TULSA — ONEOK Partners has completed three large natural gas and natural gas liquids projects as part of its ongoing growth program expected to be completed in 2015 and cost up to $5.3 billion.
“These investments demonstrate our ongoing commitment to build the necessary natural gas and NGL (natural gas liquids) infrastructure to better serve our producers and customers,” ONEOK Partners President Terry K. Spencer said in a statement Tuesday. “We completed each of these projects on time and on budget, and the assets now are delivering essential services to our producers and customers.”

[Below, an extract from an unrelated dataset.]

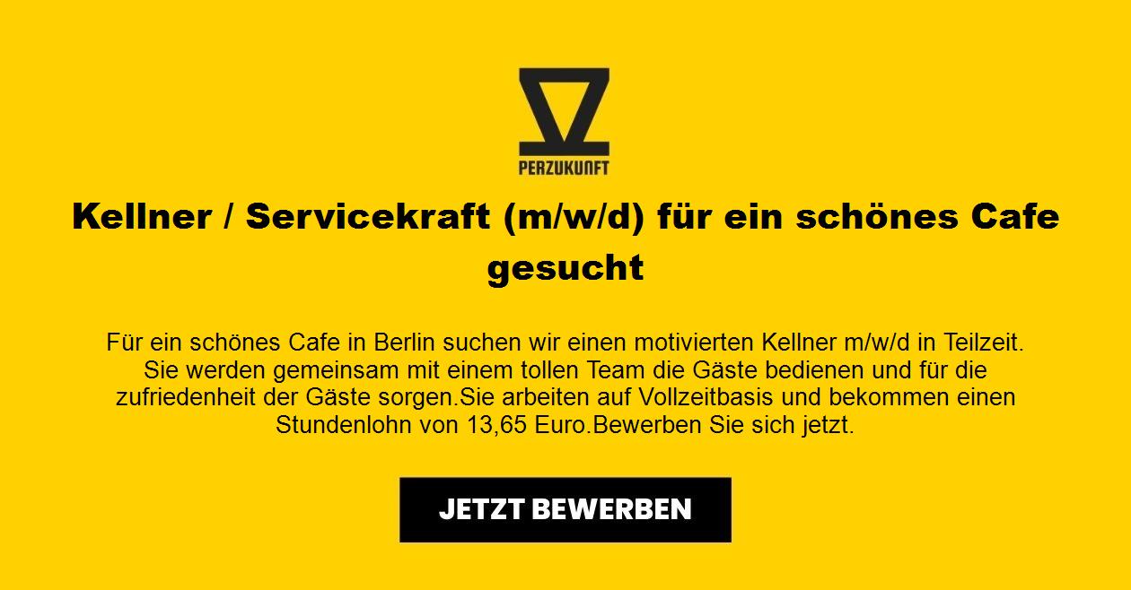 Für ein schönes Cafe in Berlin suchen wir einen motivierten Kellner m/w/d in Teilzeit. Sie werden gemeinsam mit einem tollen Team die Gäste bedienen und für die zufriedenheit der Gäste sorgen. Sie arbeiten auf Vollzeitbasis und bekommen einen Stundenlohn von 15,58 Euro. Bewerben Sie sich jetzt.

The Bakken Natural Gas Liquid Pipeline is a $450 million to $500 million, 600-mile pipeline that can transport up to 60,000 barrels per day of unprocessed natural gas liquids from the Williston Basin in North Dakota and Montana to the existing Overland Pass Pipeline in northern Colorado. The product will then connect with ONEOK Partners' Mid-Continent processing and storage facilities in central Kansas.
The partnership is still working on a $100 million upgrade to the new line that will boost its capacity to 135,000 barrels per day by the third quarter of 2014.
ONEOK Partners also announced the completion of its 100 million-cubic-feet-per day Stateline II natural gas processing facility in western William County, N.D. The up to $150 million plant is the third natural gas processing facility ONEOK Partners has completed in the area since late 2011.